Il contesto di questa decisione è radicato negli scontri commerciali tra l'Unione Europea e gli Stati Uniti, che si sono intensificati negli ultimi anni. L'Europa, attraverso la Commissione Europea, ha sempre sostenuto la difesa dei propri interessi commerciali, pur mantenendo un atteggiamento di collaborazione con gli Stati Uniti. Tuttavia, il recente aumento delle tensioni tra Washington e Bruxelles ha messo in discussione la stabilità degli accordi commerciali. Il Regno Unito, dopo il Brexit, ha cercato di riconquistare un ruolo significativo nel mercato globale, anche se è rimasto legato all'OMC. Il Canada, invece, ha mantenuto una posizione di equilibrio, cercando di mediare tra le esigenze degli Stati Uniti e quelle dell'Unione Europea. Questa situazione ha creato un clima di incertezza, con i leader che cercano di bilanciare la propria strategia tra la protezione dei mercati nazionali e la ricerca di accordi commerciali vantaggiosi.

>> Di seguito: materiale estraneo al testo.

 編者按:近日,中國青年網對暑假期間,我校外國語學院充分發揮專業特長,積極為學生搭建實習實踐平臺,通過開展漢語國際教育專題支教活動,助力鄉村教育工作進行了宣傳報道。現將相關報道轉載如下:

L'analisi delle conseguenze di questa decisione rivela un impatto potenzialmente vasto sulle economie coinvolte. L'Unione Europea, che ha sempre sostenuto una politica commerciale aperta, potrebbe vedersi costretta a rivedere le sue strategie in vista di un aumento delle tensioni. La riduzione delle tariffe potrebbe beneficiare settori specifici, come l'industria automobilistica o l'agricoltura, ma potrebbe anche mettere a rischio prodotti di lusso o tecnologici, che dipendono da fornitori esteri. Al contempo, il Regno Unito potrebbe guadagnare una posizione più forte nei mercati asiatici, grazie alla sua capacità di adattarsi rapidamente alle nuove normative. Il Canada, invece, potrebbe dover affrontare un aumento delle importazioni da Paesi che non rispettano gli accordi commerciali, con un impatto negativo sulle sue aziende agricole e industriali. Questa situazione ha reso evidente la fragilità del sistema commerciale globale, che si trova a un incrocio tra protezionismo e apertura.

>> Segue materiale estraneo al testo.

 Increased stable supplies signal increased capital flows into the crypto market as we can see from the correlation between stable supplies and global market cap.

La chiusura di questa situazione dipende da come gli attori coinvolti gestiranno le prossime fasi. L'Organizzazione mondiale del commercio (OMC) potrebbe intervenire per mediare le tensioni, ma il rischio di una guerra commerciale rimane alto. Il Regno Unito, con il suo ruolo chiave, potrebbe diventare un intermediario tra gli Stati Uniti e l'Unione Europea, ma la sua capacità di mantenere un equilibrio tra le esigenze di entrambi i lati sarà determinante. Il Canada, sebbene esulti per la riduzione delle tariffe, dovrà affrontare la sfida di preservare i propri mercati senza danneggiare le relazioni commerciali. L'incertezza che si profila sugli accordi commerciali internazionali mette in luce la necessità di un dialogo costruttivo, ma la strada verso una soluzione chiara sembra ancora lunga. Il futuro del commercio globale si giocherà nei prossimi mesi, con Bruxelles che attende una risposta definitiva e i leader che cercano di bilanciare i propri interessi.